Schema field type property - uninvertible

Hi All,

recently I've noticed the property "uninvertible". Reading the
documentation:

> If true, indicates that an indexed="true" docValues="false" field can be
"un-inverted" at query time to build up large in memory data structure to
serve in place of DocValues. Defaults to true for historical reasons, but
users are strongly encouraged to set this to false for stability and use
docValues="true" as needed.

As far as I understand, we should always set the property
uninvertible=false to avoid that Solr builds "up large in memory data
structure to serve in place of DocValues" and this is good for "stability",
not explaining exactly what it means.

Could anyone please describe this better, for example describing a worst
case scenario and a good one?

Best regards,
Vincenzo

-- 
Vincenzo D'Amore

Re: Schema field type property - uninvertible

Posted by Shawn Heisey <ap...@elyograg.org>.
On 5/24/22 07:40, Vincenzo D'Amore wrote:
> Just another question, so having a new schema.xml, for the "id" field and
> the other fields that are pint/plong/string/etc.. (i.e. have
> "docValues=true") should I apply uninvertible=false ?

Yes.  If the field has docValues then there is no reason for it to be 
uninvertable.  It's probably not strictly necessary to configure that, 
but configuring it ensures that a (potentially) large on-heap memory 
structure cannot ever be created.

I agree with Michael that we really should have a way to globally set 
uninvertable to false.  I think that's an excellent thing to do with 
schema version 1.7 (since I believe the max version right now is 1.6) -- 
uninvertable defaults to false.  I will open an issue.

Thanks,
Shawn


Re: Schema field type property - uninvertible

Posted by Vincenzo D'Amore <v....@gmail.com>.
Just another question, so having a new schema.xml, for the "id" field and
the other fields that are pint/plong/string/etc.. (i.e. have
"docValues=true") should I apply uninvertible=false ?

On Sun, May 22, 2022 at 10:59 PM Vincenzo D'Amore <v....@gmail.com>
wrote:

> Thanks Shawn and Michael, this is really helpful and makes clear sense.
>
> On Fri, May 20, 2022 at 7:36 PM Michael Gibney <mi...@michaelgibney.net>
> wrote:
>
>> (echoing Shawn because I was about to hit send anyway):
>>
>> The process of "uninverting" a field involves running through the
>> dictionary of indexed terms for a given field, and building an on-heap
>> data
>> structure that provides "doc => term" lookup (analogous to docValues), as
>> opposed to "term => doc" lookup, which is standard for an indexed field.
>> The downside is that you'll have a searcher warmup-latency cost associated
>> with uninverting the field (and building the docValues-like
>> datastructure),
>> in addition to the (potentially quite large) heap space allocation that
>> contributes static overhead to heap space requirements, must be traversed
>> by GC operations, etc.
>>
>> In most cases that need docValues-type access, you really want to use
>> actual docValues (i.e. "docValues=true"), which allows these
>> datastructures
>> to be directly disk-backed -- effectively off-heap, but with efficient
>> os-level caching based on memory-mapped files.

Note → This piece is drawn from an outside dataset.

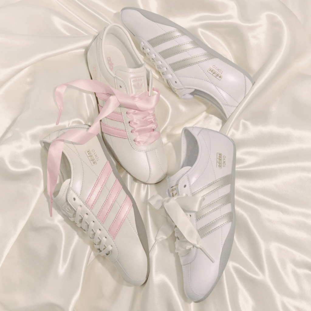 ABC-MART限定カラーの「TOKYO」は、細身で薄底のロープロファイルシルエットに、オフホワイトとグレーをベースにしたパール感のあるニュアンスカラー2色を展開。また、通常のシューレースとサテン素材のリボンシューレースを備えた2WAY仕様で、シューレースを替えるだけで足元の印象をカジュアルにもフェミニンにも切り替えられる一足。
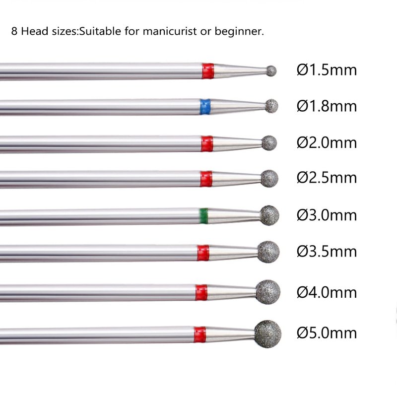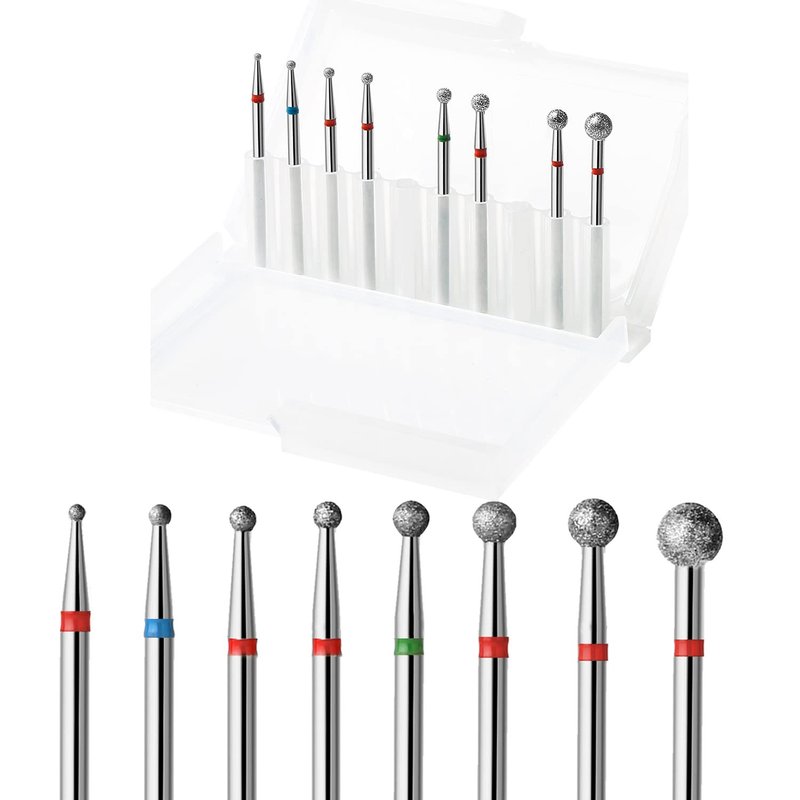 ERUIKA 8Pcs Ball Diamond Drill bits Set, 3/32'' Cuticle Clean Ball Head Nail Bit for Electric Machine, Nail File Gel Polishing Head Acrylic Manicure Pedicure Cuticle Tools(8PCS)

There are a few cases where
>> you may still need to rely on "uninvertible=true": e.g., if you want to
>> facet on tokenized values of a text field, currently "uninvertible=true"
>> is
>> the only way to go, because there's currently no way to have post-analysis
>> docValues (required to be compatible between indexed terms and terms as
>> represented in docValues).
>>
>> "uninvertible=false" is generally useful as a sanity-check to make sure
>> you're not unknowingly relying on this legacy/backcompat "uninversion"
>> behavior. If there were a way to have "uninvertible" globally default to
>> "false", I would recommend to do so. But I think there is not at the
>> moment, so manually configuring "uninvertbile=false" and adding
>> "docValues=true" or "uninvertible=true" as necessary (preferred in that
>> order) is generally a good recommendation.
>>
>> On Fri, May 20, 2022 at 1:32 PM Shawn Heisey <ap...@elyograg.org> wrote:
>>
>> > On 5/19/22 01:13, Vincenzo D'Amore wrote:
>> > > As far as I understand, we should always set the property
>> > > uninvertible=false to avoid that Solr builds "up large in memory data
>> > > structure to serve in place of DocValues" and this is good for
>> > "stability",
>> > > not explaining exactly what it means.
>> > >
>> > > Could anyone please describe this better, for example describing a
>> worst
>> > > case scenario and a good one?
>> >
>> > If the class used in the fieldType is one that supports docValues, then
>> > you should probably set set that to false.  And if you need any features
>> > on that field (like facets) that require an uninverted view of the
>> > index, be sure that docValues is true.
>> >
>> > Some fieldType classes, TextField being the one that comes to mind,
>> > cannot support docValues.  In general I would recommend setting
>> > uninvertable to false on that kind of field as well, but if you actually
>> > did want to do something like facets on such a field, you would need
>> > uninvertable to be set to true.
>> >
>> > Thanks,
>> > Shawn
>> >
>> >
>>
>
>
> --
> Vincenzo D'Amore
>
>

-- 
Vincenzo D'Amore

Re: Schema field type property - uninvertible

Posted by Vincenzo D'Amore <v....@gmail.com>.
Thanks Shawn and Michael, this is really helpful and makes clear sense.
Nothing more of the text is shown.